* Activity:
From the listing that follows, reproduce only the lines from the one holding "Complétez votre célébration" through the one holding "実習室内にて、演習で使用する", both included, with no pictures.

* Data for processing:
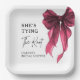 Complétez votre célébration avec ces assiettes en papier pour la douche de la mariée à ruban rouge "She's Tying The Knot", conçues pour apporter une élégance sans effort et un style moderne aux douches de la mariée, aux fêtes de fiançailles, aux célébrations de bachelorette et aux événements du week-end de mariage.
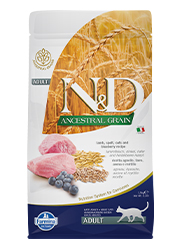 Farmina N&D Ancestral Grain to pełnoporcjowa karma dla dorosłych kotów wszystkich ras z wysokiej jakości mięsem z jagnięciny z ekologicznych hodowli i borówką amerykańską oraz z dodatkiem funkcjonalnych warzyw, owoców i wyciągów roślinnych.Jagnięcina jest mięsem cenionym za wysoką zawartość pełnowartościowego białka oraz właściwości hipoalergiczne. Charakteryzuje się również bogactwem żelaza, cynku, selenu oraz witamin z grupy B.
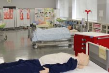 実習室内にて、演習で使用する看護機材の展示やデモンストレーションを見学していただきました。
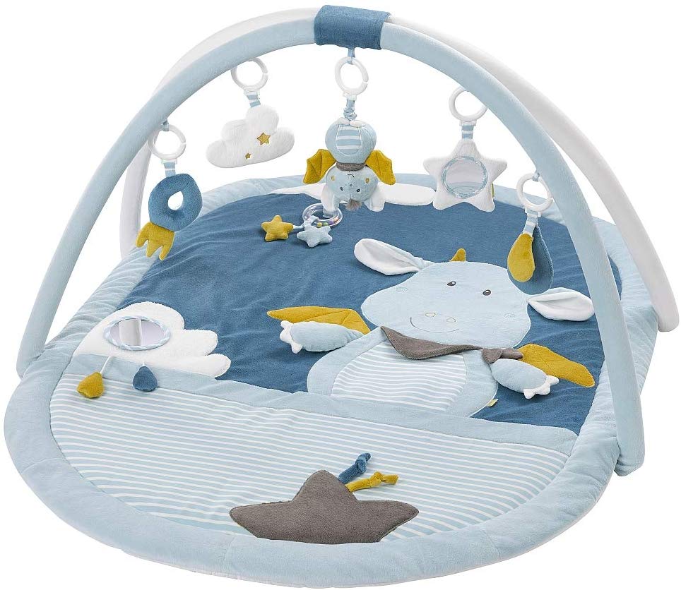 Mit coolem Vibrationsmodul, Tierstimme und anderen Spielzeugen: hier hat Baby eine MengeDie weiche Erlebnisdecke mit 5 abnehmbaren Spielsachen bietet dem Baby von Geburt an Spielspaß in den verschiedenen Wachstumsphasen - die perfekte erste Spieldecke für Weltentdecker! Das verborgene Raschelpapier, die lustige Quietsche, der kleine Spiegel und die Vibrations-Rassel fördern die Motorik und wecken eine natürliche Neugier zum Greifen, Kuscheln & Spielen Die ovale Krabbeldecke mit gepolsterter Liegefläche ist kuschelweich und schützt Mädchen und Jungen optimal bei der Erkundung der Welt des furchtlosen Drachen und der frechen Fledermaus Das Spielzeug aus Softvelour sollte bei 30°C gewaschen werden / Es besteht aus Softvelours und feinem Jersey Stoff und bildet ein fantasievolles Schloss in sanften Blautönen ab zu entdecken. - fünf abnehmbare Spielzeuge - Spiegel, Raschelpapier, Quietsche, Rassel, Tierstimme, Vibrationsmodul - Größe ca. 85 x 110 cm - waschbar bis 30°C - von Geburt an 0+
* * *
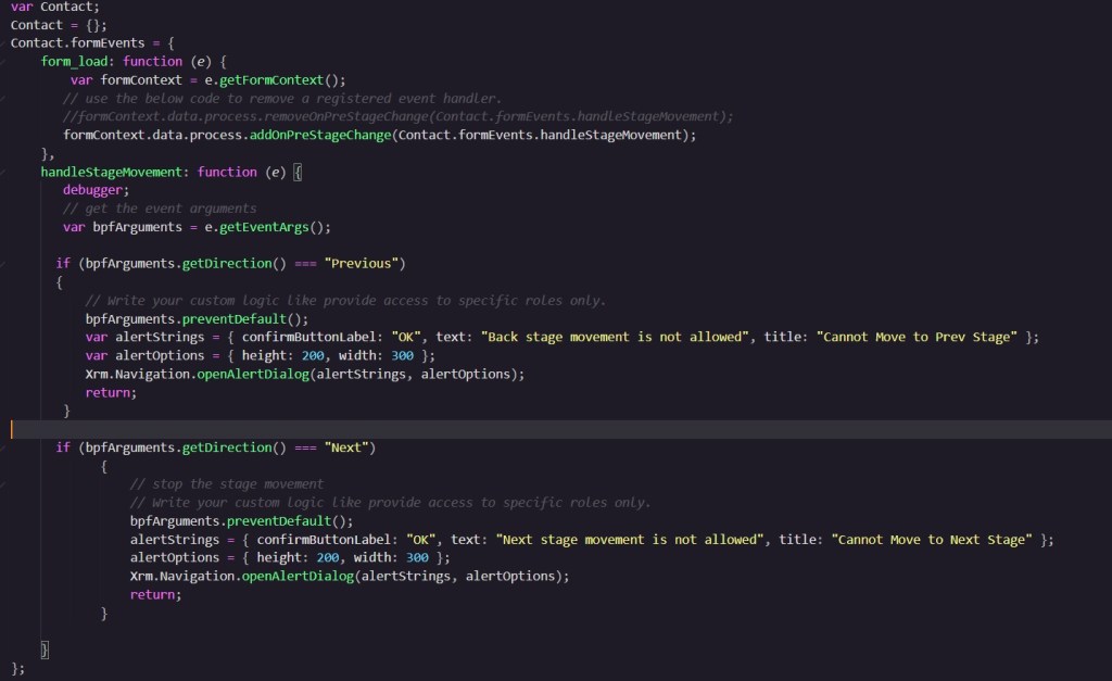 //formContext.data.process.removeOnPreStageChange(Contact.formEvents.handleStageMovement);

* Exercise answer:
 Complétez votre célébration avec ces assiettes en papier pour la douche de la mariée à ruban rouge "She's Tying The Knot", conçues pour apporter une élégance sans effort et un style moderne aux douches de la mariée, aux fêtes de fiançailles, aux célébrations de bachelorette et aux événements du week-end de mariage.
 Farmina N&D Ancestral Grain to pełnoporcjowa karma dla dorosłych kotów wszystkich ras z wysokiej jakości mięsem z jagnięciny z ekologicznych hodowli i borówką amerykańską oraz z dodatkiem funkcjonalnych warzyw, owoców i wyciągów roślinnych.Jagnięcina jest mięsem cenionym za wysoką zawartość pełnowartościowego białka oraz właściwości hipoalergiczne. Charakteryzuje się również bogactwem żelaza, cynku, selenu oraz witamin z grupy B.
 実習室内にて、演習で使用する看護機材の展示やデモンストレーションを見学していただきました。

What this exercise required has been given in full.